Rama is in the early stages of a pregnancy that she has kept secret from her mother. Laurence’s mother, Odile (Salimata Kamate) — who knew nothing of Elise’s existence, and whom Rama meets during the trial — figures it out over lunch, after scolding Rama for ordering too much food. She treats Rama, one of the only other Black women in the courtroom, as a confidante and a substitute daughter, to whom she can brag about Laurence’s erudition and elegance. She buys every newspaper with a story about the case, as if she were the proud parent of a spelling-bee champion.
Odile was, we can infer, a dominant, difficult presence in her daughter’s life. She has that in common with Rama’s mother, who appears in flashbacks (played by Adama Diallo Tamba) as a remote, sorrowful, nearly silent figure. Now, plagued by ill health and crippling fatigue, she is “a broken woman,” at least according to Rama’s partner, Adrien (Thomas de Pourquery). He is a musician who provides another almost-parallel between Rama’s life and Laurence’s. Like Elise’s father, a sculptor named Luc (Xavier Maly), Adrien is a white French artist, though he is more sympathetic (and much younger) than his counterpart.

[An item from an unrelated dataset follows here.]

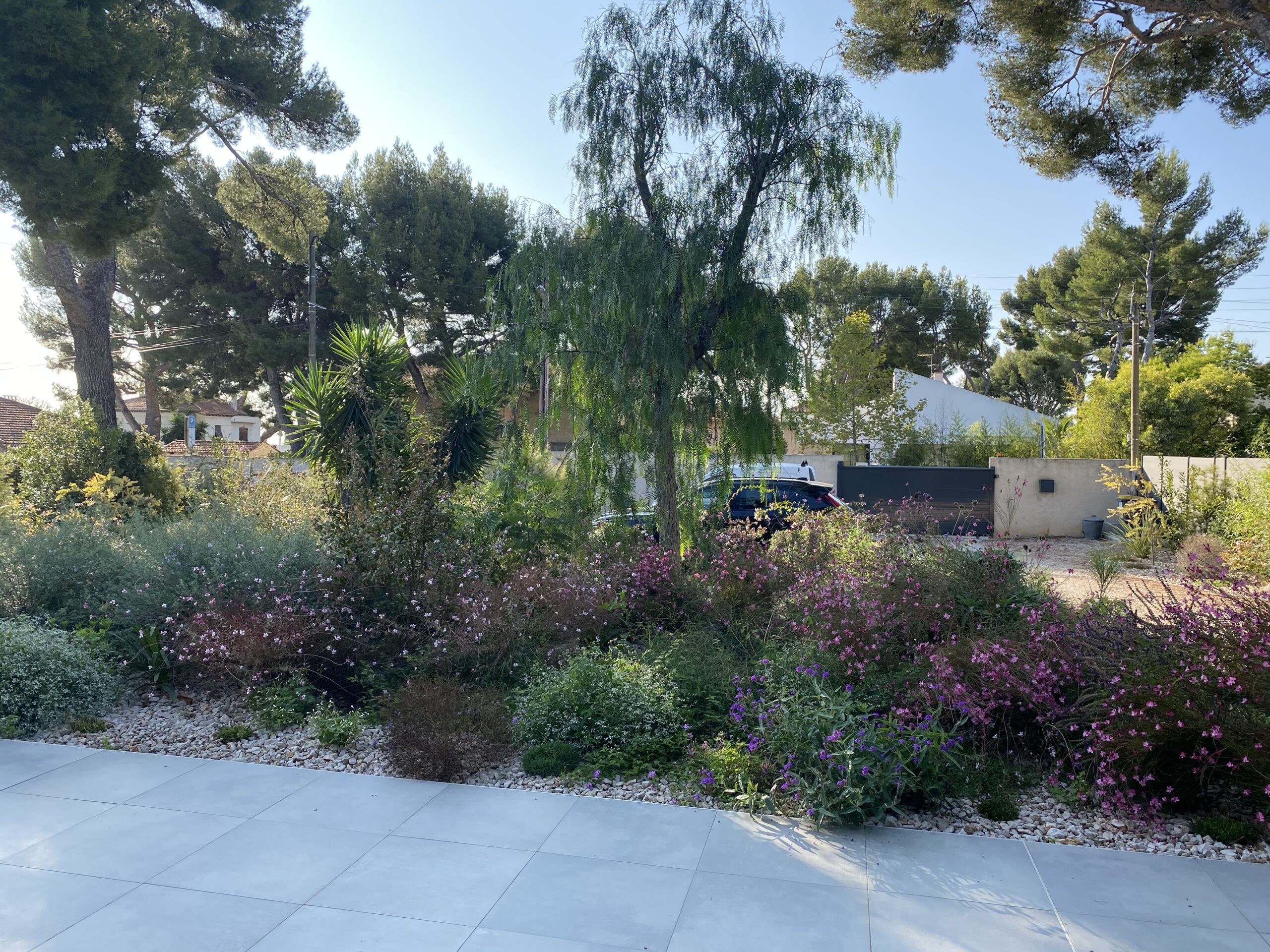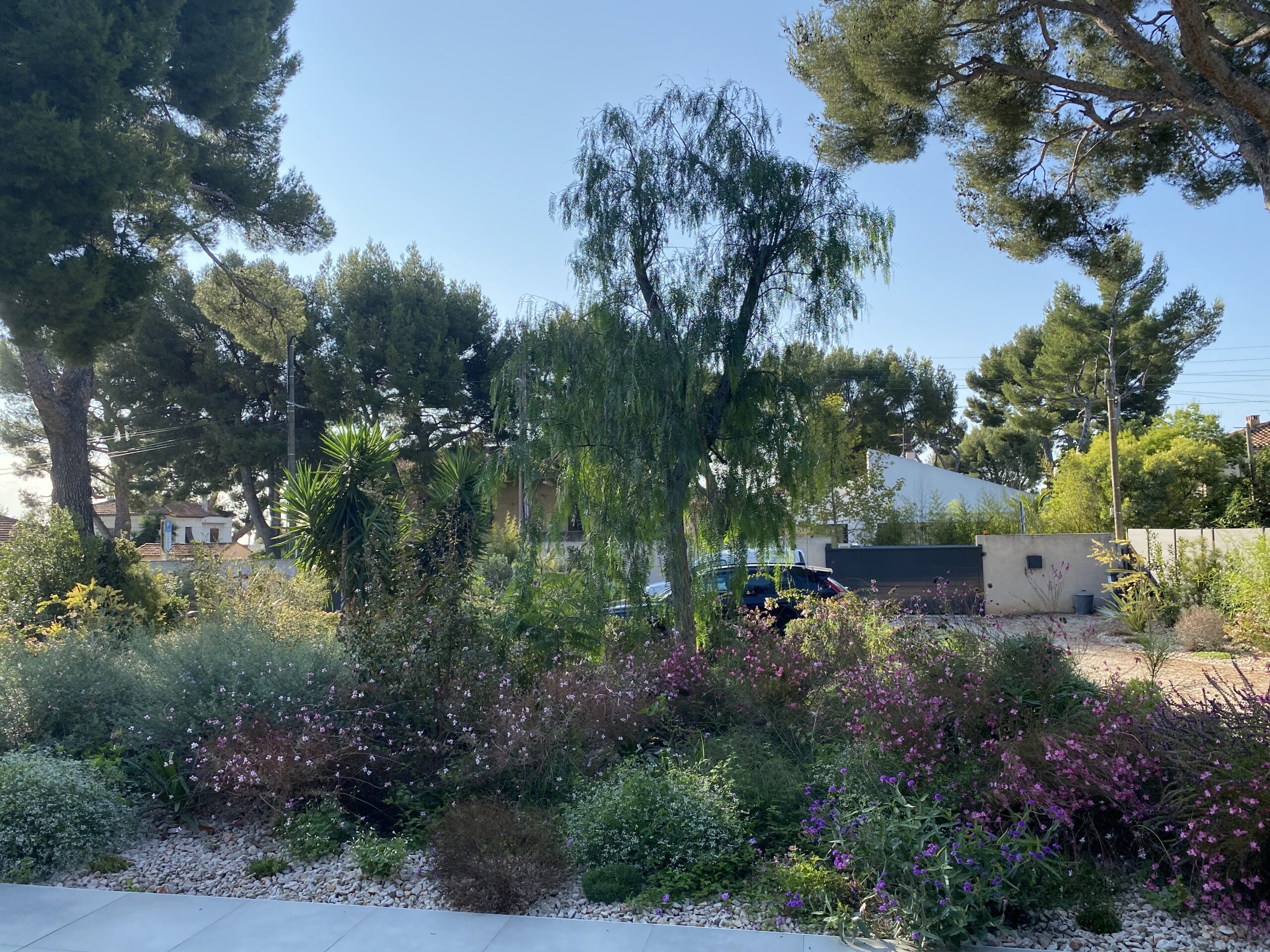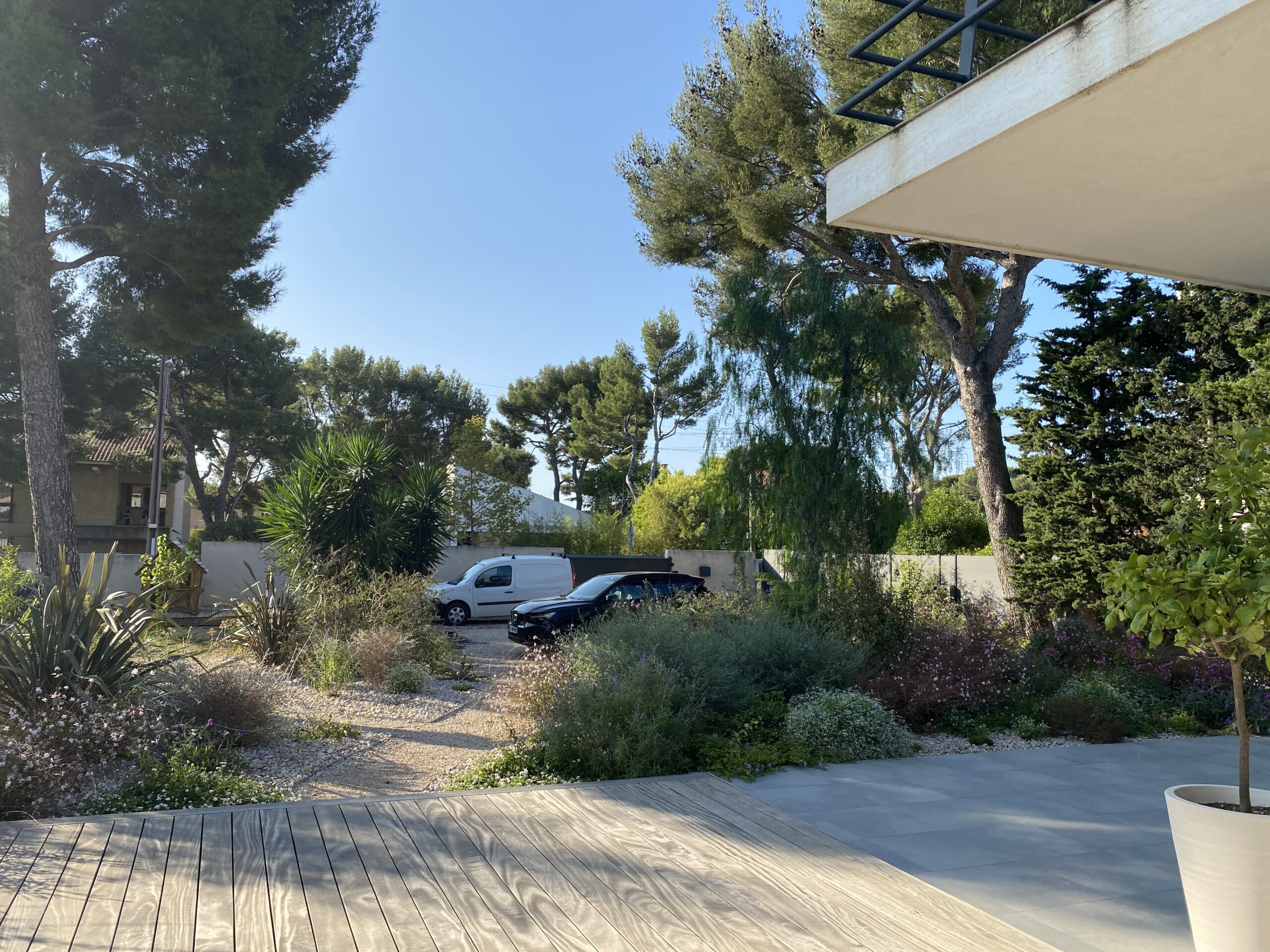 À La Ciotat, Le Jardin de Parme est né d’un terrain vierge et d’une vision : créer un espace où chaque saison dévoile une palette de nuances bleues. Conçu pour s’adapter aux envies de ses habitants, ce jardin allie le sauvage et le sophistiqué, reflétant l’approche unique de Jungle Art en matière de design paysager. l’enjeu était de taille cacher les voiture de la vue du salon et faire en sorte que l’espace appartienne aux enfants sans que le graphisme s’en ressente .

Race — which is to say France’s history as a colonial power, and the uncertain present-day status of immigrants from its former colonies — is both one of the film’s themes and a part of its atmosphere. The French ideals of republican universalism, implicit in the language and rituals of the red-robed judge and the black-robed lawyers, are entangled in prejudice and custom. One of Laurence’s professors wonders why an African woman would be interested in Wittgenstein, a long-dead Austrian thinker. “Why not something closer to her own culture?”
That arrogant, insolent question ricochets toward Rama, who starts the movie contemplating Duras and later watches Pier Paolo Pasolini’s “Medea,” a rendering of Euripides starring Maria Callas. What is her relationship to those European works? And what, conversely, is Africa to her, or to Laurence?
These are hard questions, and Diop faces them with ardent, open-minded curiosity, resisting any obvious pronouncements about identity, individuality or universal values. Her main characters aren’t the embodiment of social problems or political failures, but both women undergo an emotional ordeal that is also a crisis of meaning, an existential conundrum that defies description, or even naming.
According to Wittgenstein, “whereof we cannot speak, thereof must we be silent,” and though “Saint Omer” is a film saturated in discourse, its silences are where its deepest insight resides. The pain that connects Rama and Laurence is like a secret language, an untranslatable grammar of alienation and loss. We read it in their faces.
Saint Omer
Not rated. In French, with subtitles. Running time: 2 hours 2 minutes. In theaters.